2012–13 CHA Plate

Tournament details
- Teams: 19

Final positions
- Champions: Penzance 1st XI (Men's), Penzance 2nd XI(Ladies)
- Runners-up: Bude 1st XI (Men's), Caradon 2nd XI (Ladies)

= 2012–13 CHA Plate =

The 2012–13 Cornwall Hockey Association Plate will be the 2012–13 season of the Cornwall Hockey Association Plate, known as the Cornwall Plate or CHA Plate. The Plate is the secondary knock-out competition organised by the Cornwall Hockey Association, and will be contested by senior male and female hockey teams in the county of Cornwall who have been eliminated from the 2012–13 CHA Cup in (or prior to) Round 1.

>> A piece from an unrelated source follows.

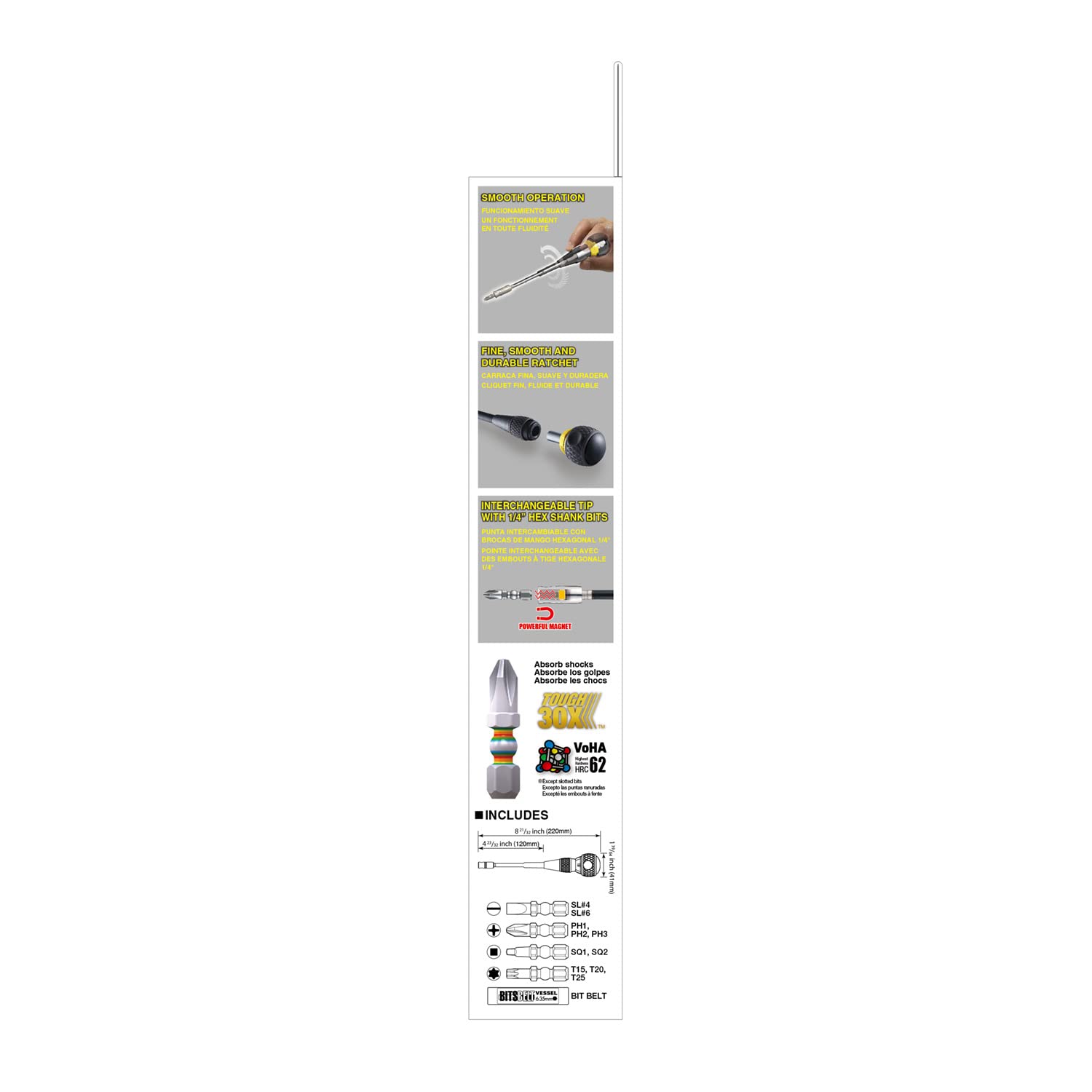 Details: ● Including 10PC. bits; PH1, PH2, PH3, SL6, SQ2, T10, T15, T20, T25, & T30 ● Tip Interchangeable Ratchet Screwdriver ● Interchangeable with 1/4” Hex shank bits ● Powerful Rare-Earth magnet with SUS holder head keeps strong magnet force forward ● Functionally enhanced BALL GRIP with 36-teeth gear ratchet for smooth driving by simple repeated finger or wrist movement ● Using as a stubby ratchet by popping off the blade and inserting 1/4" Hex shank bits ● High wear-resistance and durable fully hardened shank by optimum heat treatment ● Ergonomic BALL GRIP™ for anti-fatigue and various way of driving

A theoretical total of 19 teams may compete in the competition (an increase of 1 compared to the 2011–12 competition), and will begin on Sunday 22 December 2012 with the Ladies Plate Round 1. The competition will culminate with the Ladiess Plate Final in April 2013 at Penzance HC. Penzance HC are the respective holders of both the Men's and Ladies Plates.

== Format ==
Both the Men's Plate and Ladies Plate are to be contested as knockout competitions, with a single defeat eliminating the losing team.

2012–13 will see the draws for all rounds of the competitions made prior to the start of the tournament, thereby allowing teams to analyse their potential opponents in any subsequent rounds. This system was previously used in the 2009–10 season, but dropped for the 2010–11 competition in favour of a system for drawing each round following the completion of the previous one. As the trial proved unsuccessful, the system reverted for 2011–12.

== Teams and Calendar==

===Men's Plate===

Based upon the results of the seven matches contested in Round 1 of the 2012–13 CHA Cup the following seven teams can qualify/have qualified for the Plate competition:

| Team | Cup Result |
|---|---|
| Truro C | Truro C 1–9 Penzance |
| Penzance A | Truro A v Penzance A (Penzance withdrew) |
| TBC | Bude or Camborne SoM A |
| Bude A | Bodmin 9–1 Bude A |
| Truro B | Truro B 3–4 Duchy |
| Bodmin A | Caradon 11–1 Bodmin A |
| Duchy A | Duchy A 3–5 Camborne SoM |

The draw for the competition will be based upon the draw for the 2012–13 CHA Cup.

| Round | Main Date | Teams Involved | Winners from previous round | New entries |
|---|---|---|---|---|
| Round 1 | 27 Jan 12 | 6 | 0 | 6 |
| Semi-final | 10 Mar 12 | 4 | 3 | 1 |
| Final | April 2012 | 2 | 2 | 0 |

===Ladies Plate===

Based upon the results of the four Preliminary Round matches, and eight matches contested in Round 1 of the 2012–13 CHA Cup the following twelve teams have qualified/can qualify for the Plate competition:

| Team | Cup Result |
|---|---|
| Caradon III | Preliminary Round: Caradon III 1–3 Callington |
| Caradon II | Preliminary Round: Truro II v Caradon II (Caradon II withdrew) |
| Falmouth III | Preliminary Round: Falmouth III 4–10 Bodmin |
| Launceston | Preliminary Round: Launceston 0–1 Newquay II |
| Callington | Round 1: Bude 12–0 Callington |
| Duchy | Round 1: Duchy 1–6 Newquay |
| St. Austell | Round 1: Camborne SoM v St. Austell (St. Austell withdrew) |
| Truro II | Round 1: Truro 14–1 Truro II |
| Bodmin | Round 1: Bude II 5–0 Bodmin |
| Falmouth II | Round 1: Falmouth II 0–10 Falmouth |
| Penzance II | Round 1: Penzance II 6–7 Caradon |
| Newquay II | Round 1: Penzance 16–2 Newquay II |

Of the twelve competing teams, eight will be drawn randomly into Round 1, with the remainder being awarded a bye to the quarter-finals.

| Round | Main Date | Teams Involved | Winners from previous round | New entries |
|---|---|---|---|---|
| Round 1 | 22 Dec 11 | 8 | 0 | 8 |
| Quarter-final | 27 Jan 12 | 8 | 4 | 4 |
| Semi-final | 10 Mar 12 | 4 | 4 | 0 |
| Final | 15 Apr 12 | 2 | 2 | 0 |

==Results and Fixtures==

===Men's Plate===

The draw for the Men's Plate was generated as a result of the Men's Cup Draw:

===Ladies Plate===

Of the twelve teams qualified to contest the Ladies Plate, two (St. Austell and Falmouth III) withdrew from the competition prior to the Round 1 draw. Of the remaining ten teams, the lowest-ranked four clubs were entered into Round 1, whilst the higher-ranked six clubs entered at the quarter-final stage.